British couples fight Cambodia adoption ban in the High Court

SIX couples launched a High Court appeal yesterday to challenge the Government’s decision to impose an indefinite ban on adoptions from Cambodia.

Margaret Hodge, the Children’s Minister, introduced the temporary suspension last June amid fears of child- trafficking and, in particular, that mothers were being forced to give up children against their will.

The couples, who were all midway through the adoptive process when the ban was imposed, accuse Mrs Hodge of a “an abuse of ministerial power”. They argue that she acted unfairly and illegally by halting the adoptions mid- way in a move that took no account of the humanitarian crisis in the country. They claim that Mrs Hodge had refused to meet them and, although their cases were in an advanced state, no attempt had been made to investigate their legitimacy.

Malcolm Dixon and his wife Pauline, from East Sussex, were one of 23 couples in Britain in the process of adopting a child from Cambodia. While he accepted that there had been problems with Cambodia’s adoption procedures in the past, Mr Dixon said that Mrs Hodge has been “grossly unfair” to the six adoptive couples, who have all been approved by police checks and local authorities.

“It is possible that Mrs Hodge has the best of intentions, but her response to the humanitarian crisis in Cambodia has been grossly unfair, not only to us but also to the orphaned children we would have adopted had the ban not been imposed,” he said, speaking before the case. Mr Dixon added that with 5 per cent of the population orphaned, largely by the Aids epidemic, the extended family system could no longer cope.

“That is why state orphanages are overflowing,” he said. “That is why Cambodia has thousands of street children. We have all been approved to adopt Cambodian children in need of a family. It is utterly bizarre that Mrs Hodge is refusing to find a way to enable a small number to join us.”

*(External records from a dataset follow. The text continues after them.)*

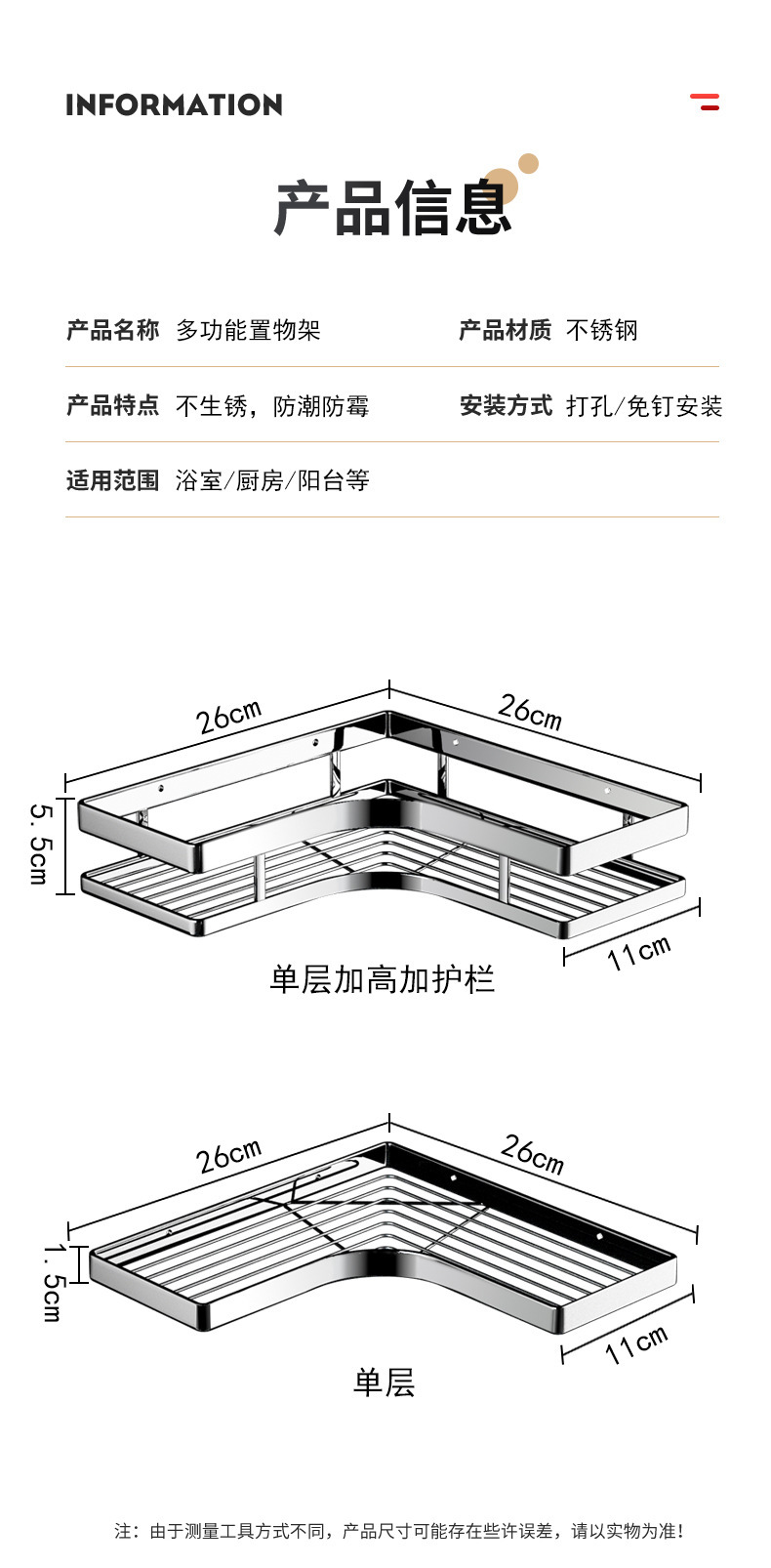 욕실용 펀치 없는 크로스보더 수납선반, 두꺼운 플랫바 삼각대, 욕실 코너 수납선반, 걸이식 주방 코너선반스토어 가기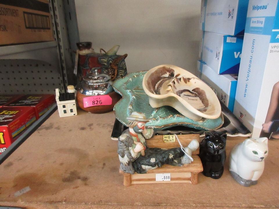 Teapot, ashtrays, figurines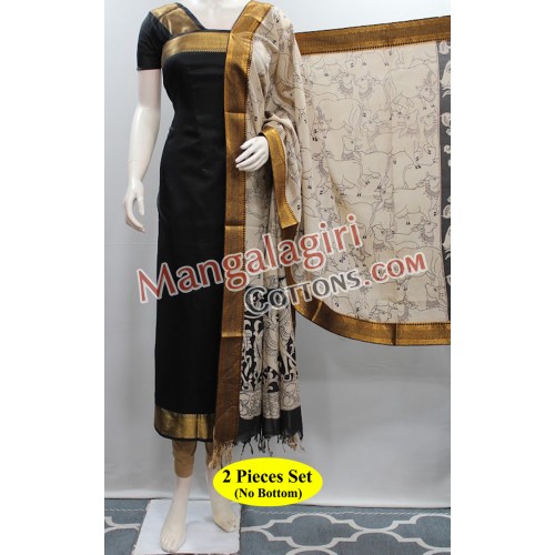 Mangalagiri Handloom Semipattu Top with Gold Zari Border. Kalamkari Nizam Border Dupatta. Unstitched 2 Pieces Set.
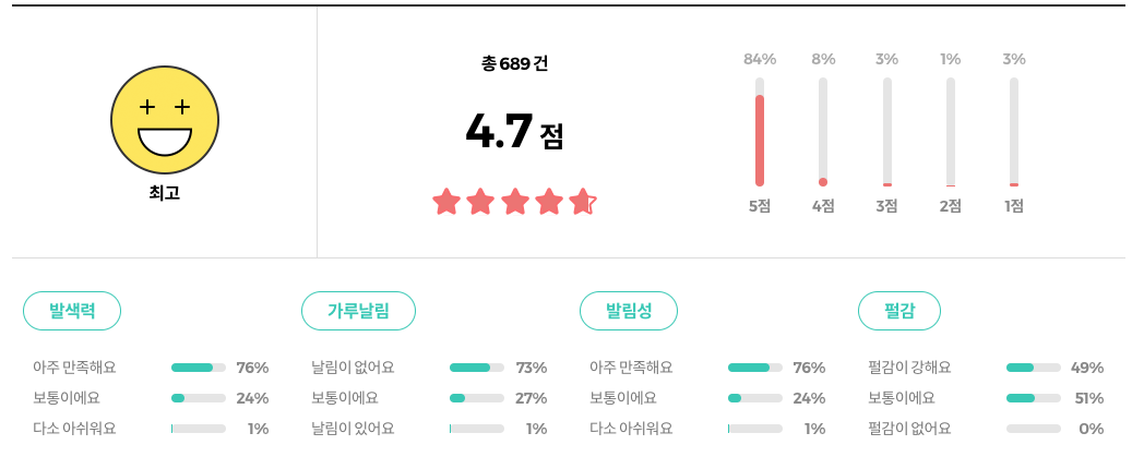 올리브영 사이트에 실제 사용한 후기가 가득하므로 최근 업데이트된 리뷰를 확인하시기를 바랍니다.

Unicef estimates there are around 670,000 orphaned children in Cambodia. Since 1998, more than 2,300 Cambodian children are believed to have been adopted by Western couples. In 2000, Hun Sen, the Prime Minister, briefly banned all adoptions abroad before lifting the ban, pending regulation.

Several Western countries, including the United States and France, have imposed similar bans to Britain after it emerged that poverty-stricken families were giving up children for cash and that other children were being bought directly from orphanages.

However, while the US and France had allowed those couples halfway through the adoption process to continue after investigating each case, Mrs Hodge has not.

Angelina Jolie, the actress and ambassador for Unicef, is one of the highest-profile parents of an adopted child from Cambodia. She adopted a son, Maddox, in 2002.

Helen Mountfield, the couples’ barrister, said that she was not arguing for the right for British couples to be allowed to “adopt a child at any price”.

She insisted that the Government had tackled the issue the wrong way and could have introduced measures short of a ban so that Cambodian children adopted in the UK were not separated from their birth parents without true consent, or as a result of corruption.

Last night Jan Walters Capp, a harpist and music teacher, who was also approved to adopt before the ban, said: “What has happened has all the hallmarks of an abuse of ministerial power.

“We followed the minister’s own adoption guidelines to the letter, only to be told that she could change the rules overnight.”

The hearing is expected to end tomorrow.